Besides, insufficient space and classrooms are the impediments to the implementation
of the theory till 12. To improve the mind and body, the students need sufficient space
and care which is absent in Bangladesh. The Educational Institutions in Dhaka city have
so limited space that they cannot accommodate the student adequately.
However, the aim of Rousseau, the development of mind and body can be
implemented. By making the study materials vivacious, students' sense organs and
introspection can be developed. Rousseau's emphasis on teaching the mother tongue
can be carried out through conversation in the classroom. Besides, the tendency of
the parents should be changed. Parents from Bangladesh always coerce their children
to be competitive at any cost and force them to get the highest marks in the class. The
pressure on the child destroys their freedom and their inclination to learn something
avidly. As society is the cause of all evil, this tendency of forcing students should be
expunged.

Efficient teachers and properly accommodated institutions thwart the implementation of


such educational method as Rousseau suggested.

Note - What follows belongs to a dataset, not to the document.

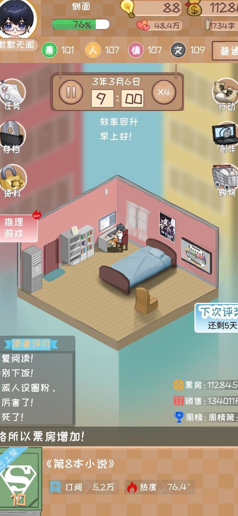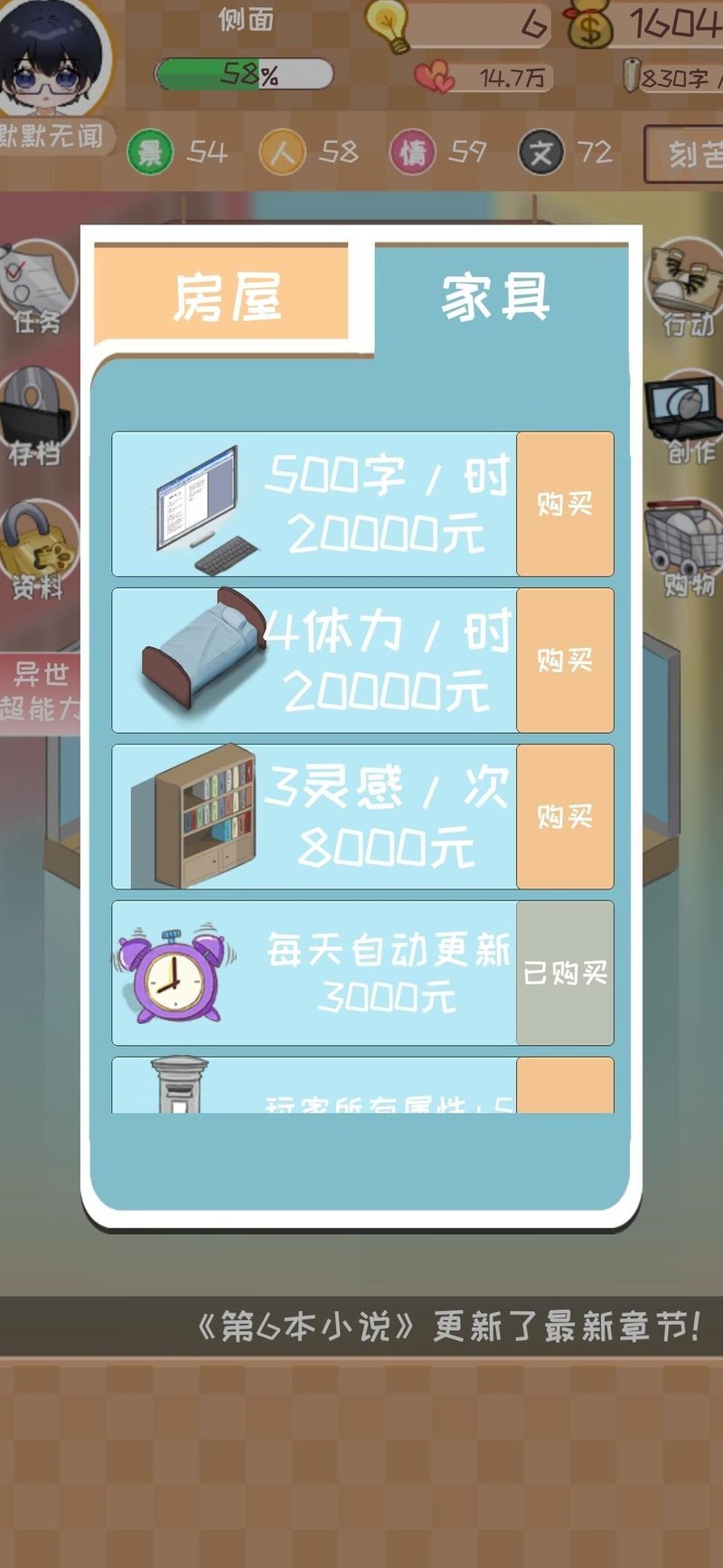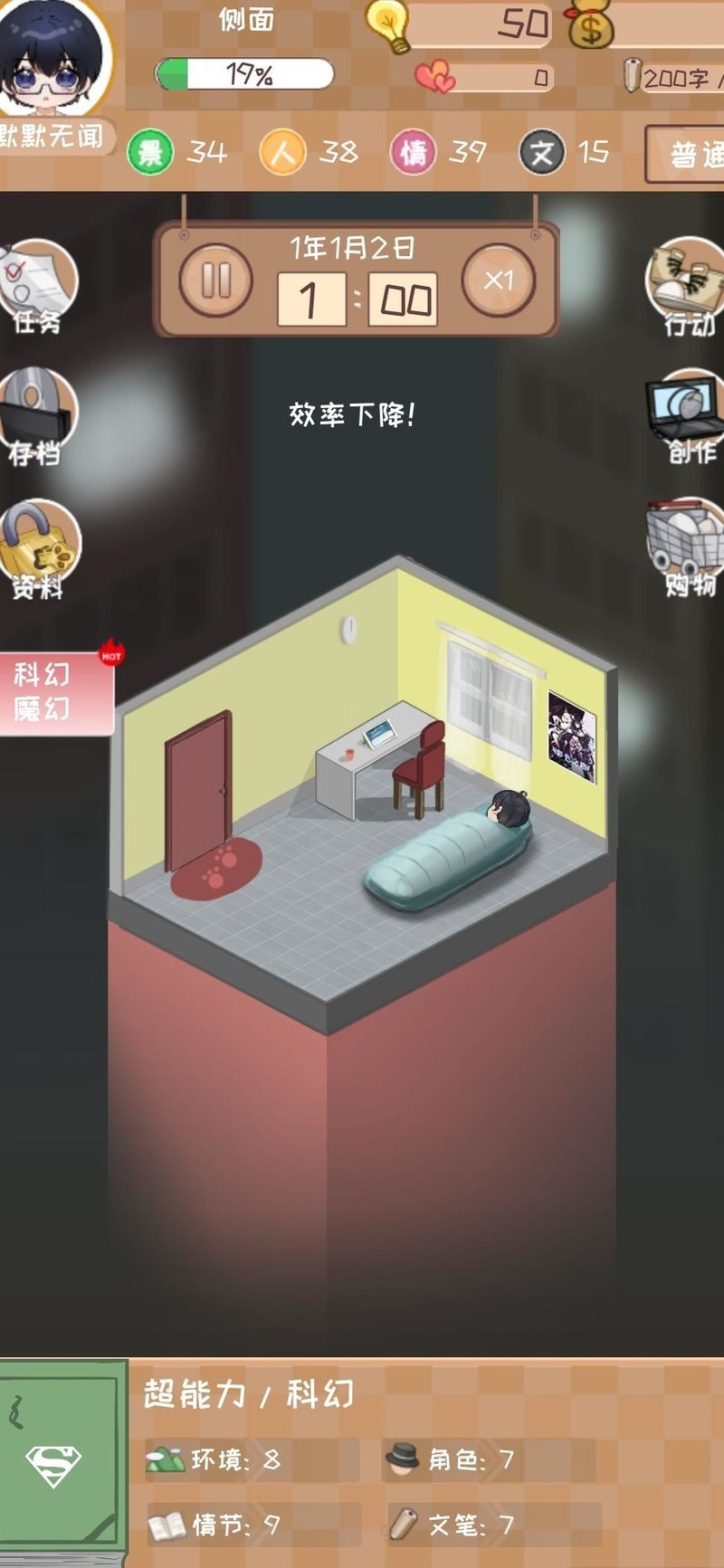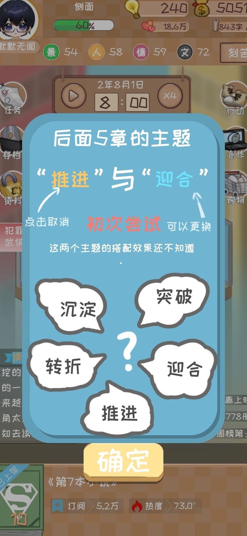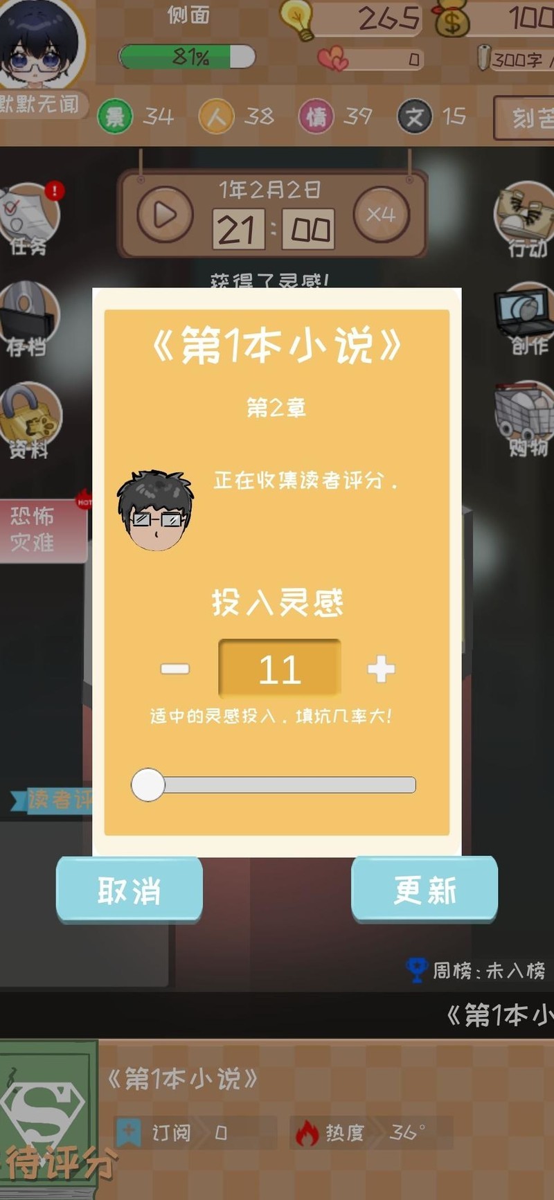 初始阶段四维属性评分未达满分,因此在推荐值基础上额外加3,原推荐11灵感则调整为使用14点灵感开启。优先领取所有可完成的任务奖励,并集中提升最后一项四维属性,确保四项均达到30以上。进入第二章时,系统建议灵感为12,实际直接采用15点灵感投入,后续章节依此类推。注意保持体力不低于30,否则进行写作将得不偿失。推进至第十章时,粉丝数量预计接近1000,此时调整策略为主动迎合市场偏好并积累沉淀,此举可提升获得千名粉丝的概率。粉丝数直接影响新书发布后的订阅增速、整体销量以及首日票房表现。鉴于当前版本前期订阅增长缓慢,建立扎实的粉丝基础尤为关键。首次获奖后应立即购置电脑床以提升效率。当灵感不足时,可通过观看两次获取灵感的广告来补充。

Moreover, the curriculum can
contribute a tremendous role in the education of Bangladesh. Rousseau's idea of
reflection of society in the curriculum can be imbued. American pragmatic
educationalist John Dewey considered the curriculum as an instrument of social
change. And the curriculum and educational institutions should reflect the society.
Thus, the possibility of the implementation of the educational method Rousseau
suggested can be introduced partially.

During Rabindranath Tagore's time, the education system at Shantiniketan, also known
as Visva-Bharati, focused on a holistic and experiential approach to learning. The
curriculum emphasized the integration of arts, literature, and music with academic
subjects. Students were encouraged to explore their creativity and express themselves
through various artistic forms. The open-air classrooms and natural surroundings
provided a nurturing environment for students to connect with nature and foster a
sense of harmony and spirituality. The emphasis was on fostering individuality, critical
thinking, and a deep appreciation for culture and humanity.